◆ Required work: Apart from the pictures, reproduce the data below exactly as it stands.

◆ Entries provided:
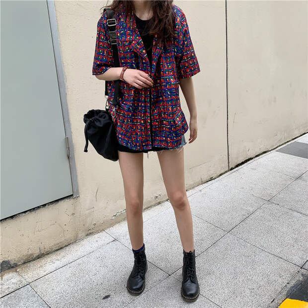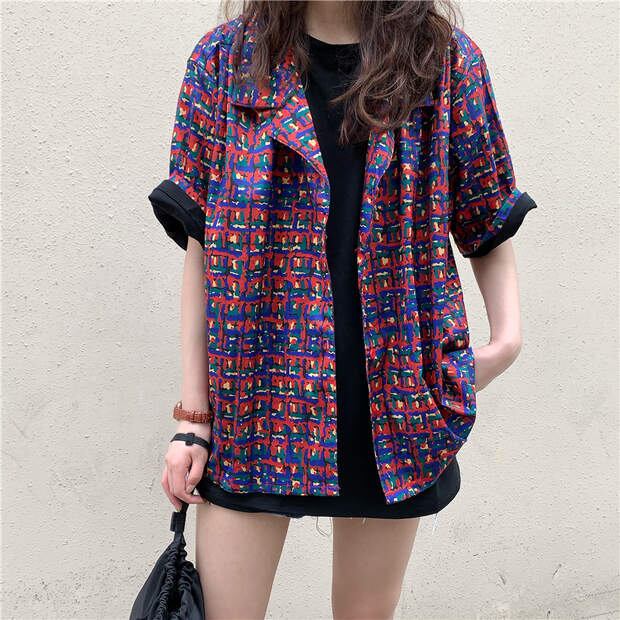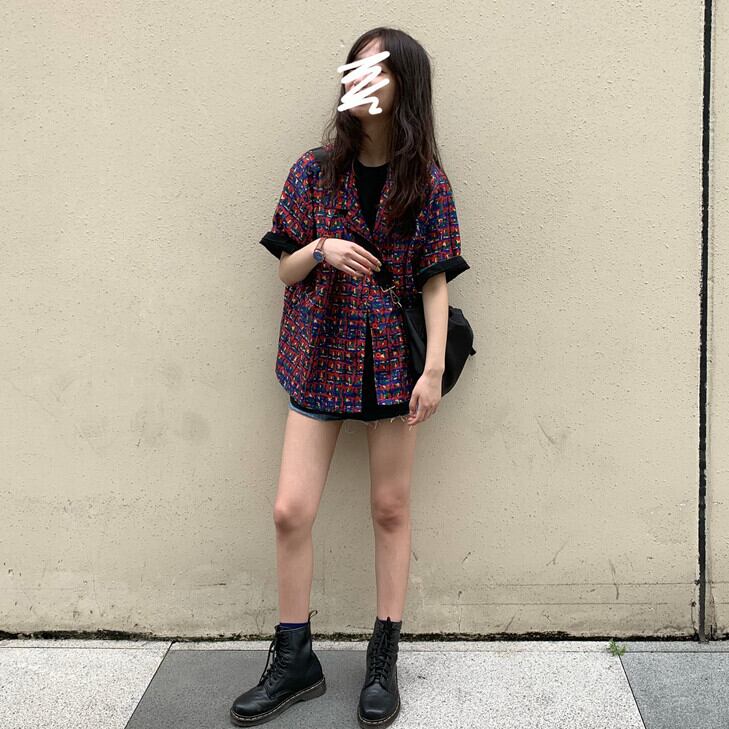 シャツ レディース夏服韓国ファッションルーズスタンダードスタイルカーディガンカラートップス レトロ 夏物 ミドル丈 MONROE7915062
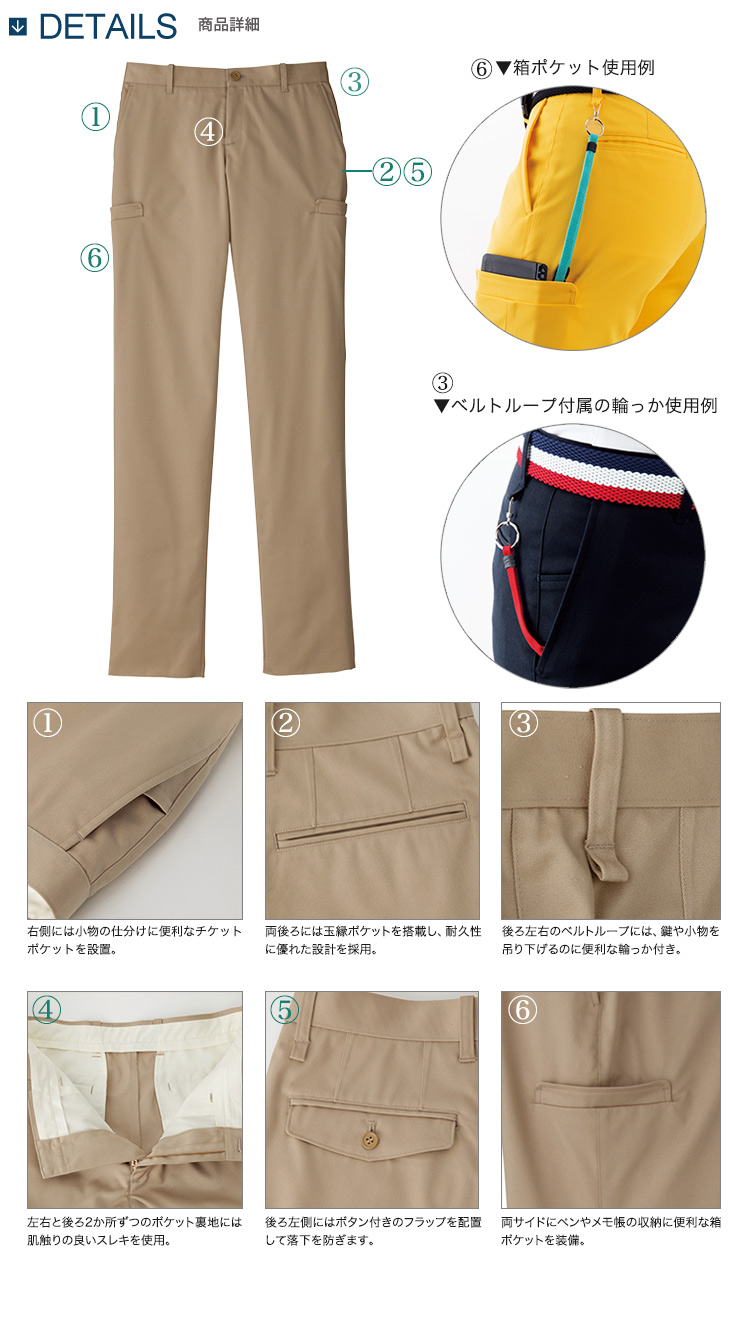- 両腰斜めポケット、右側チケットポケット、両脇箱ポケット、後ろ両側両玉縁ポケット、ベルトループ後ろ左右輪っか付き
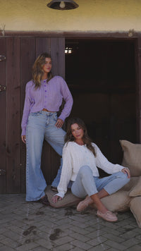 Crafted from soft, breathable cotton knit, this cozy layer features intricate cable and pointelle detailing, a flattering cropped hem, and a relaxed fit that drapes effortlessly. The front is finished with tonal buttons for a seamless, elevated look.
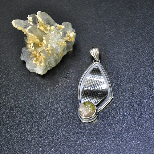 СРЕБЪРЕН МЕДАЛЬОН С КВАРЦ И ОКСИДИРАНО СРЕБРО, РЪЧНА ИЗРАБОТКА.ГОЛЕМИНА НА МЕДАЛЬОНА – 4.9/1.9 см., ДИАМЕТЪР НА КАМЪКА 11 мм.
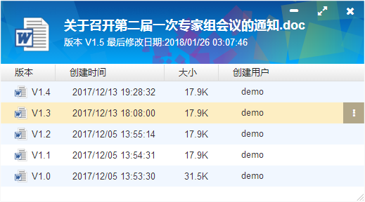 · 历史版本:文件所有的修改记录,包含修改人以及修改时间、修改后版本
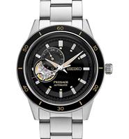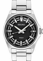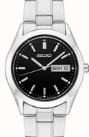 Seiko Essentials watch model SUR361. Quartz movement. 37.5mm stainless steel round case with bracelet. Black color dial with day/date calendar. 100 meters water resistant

◆ Response box:
 シャツ レディース夏服韓国ファッションルーズスタンダードスタイルカーディガンカラートップス レトロ 夏物 ミドル丈 MONROE7915062
- 両腰斜めポケット、右側チケットポケット、両脇箱ポケット、後ろ両側両玉縁ポケット、ベルトループ後ろ左右輪っか付き
 Crafted from soft, breathable cotton knit, this cozy layer features intricate cable and pointelle detailing, a flattering cropped hem, and a relaxed fit that drapes effortlessly. The front is finished with tonal buttons for a seamless, elevated look.
 СРЕБЪРЕН МЕДАЛЬОН С КВАРЦ И ОКСИДИРАНО СРЕБРО, РЪЧНА ИЗРАБОТКА.ГОЛЕМИНА НА МЕДАЛЬОНА – 4.9/1.9 см., ДИАМЕТЪР НА КАМЪКА 11 мм.
 · 历史版本:文件所有的修改记录,包含修改人以及修改时间、修改后版本
 Seiko Essentials watch model SUR361. Quartz movement. 37.5mm stainless steel round case with bracelet. Black color dial with day/date calendar. 100 meters water resistant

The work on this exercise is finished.